COLLECTED DATA:
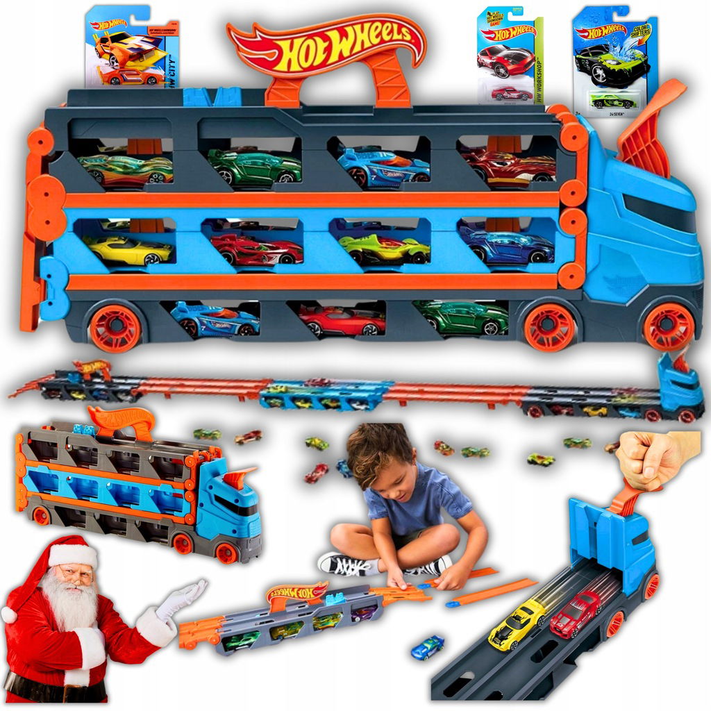 HOT WHEELS DŁUGI TOR WYŚCIGOWY CIĘŻARÓWKA CITY TRANSPORTER 2W1 + 3 AUTKA 2m
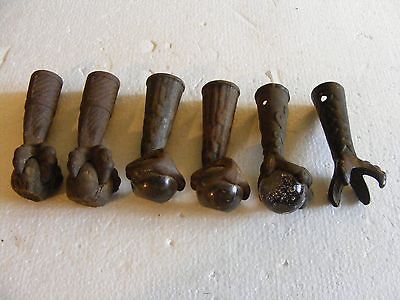 6 ANTIQUE Vintage CAST IRON CLAW Tallons GLASS & WOOD BALL Furniture FEET FOOT
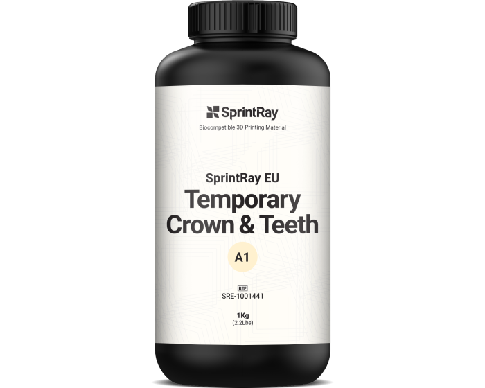 SprintRay Temporary Crown & Teeth je biokompatibilná živica určená na 3D tlačenú výrobu dlhodobých dočasných výplní (koruniek a mostíkov alebo dočasných výplní vo prednej oblasti).

TASK REQUIREMENTS: Without including any picture, copy the listing above exactly and in full.

TASK OUTPUT:
 HOT WHEELS DŁUGI TOR WYŚCIGOWY CIĘŻARÓWKA CITY TRANSPORTER 2W1 + 3 AUTKA 2m
 6 ANTIQUE Vintage CAST IRON CLAW Tallons GLASS & WOOD BALL Furniture FEET FOOT
 SprintRay Temporary Crown & Teeth je biokompatibilná živica určená na 3D tlačenú výrobu dlhodobých dočasných výplní (koruniek a mostíkov alebo dočasných výplní vo prednej oblasti).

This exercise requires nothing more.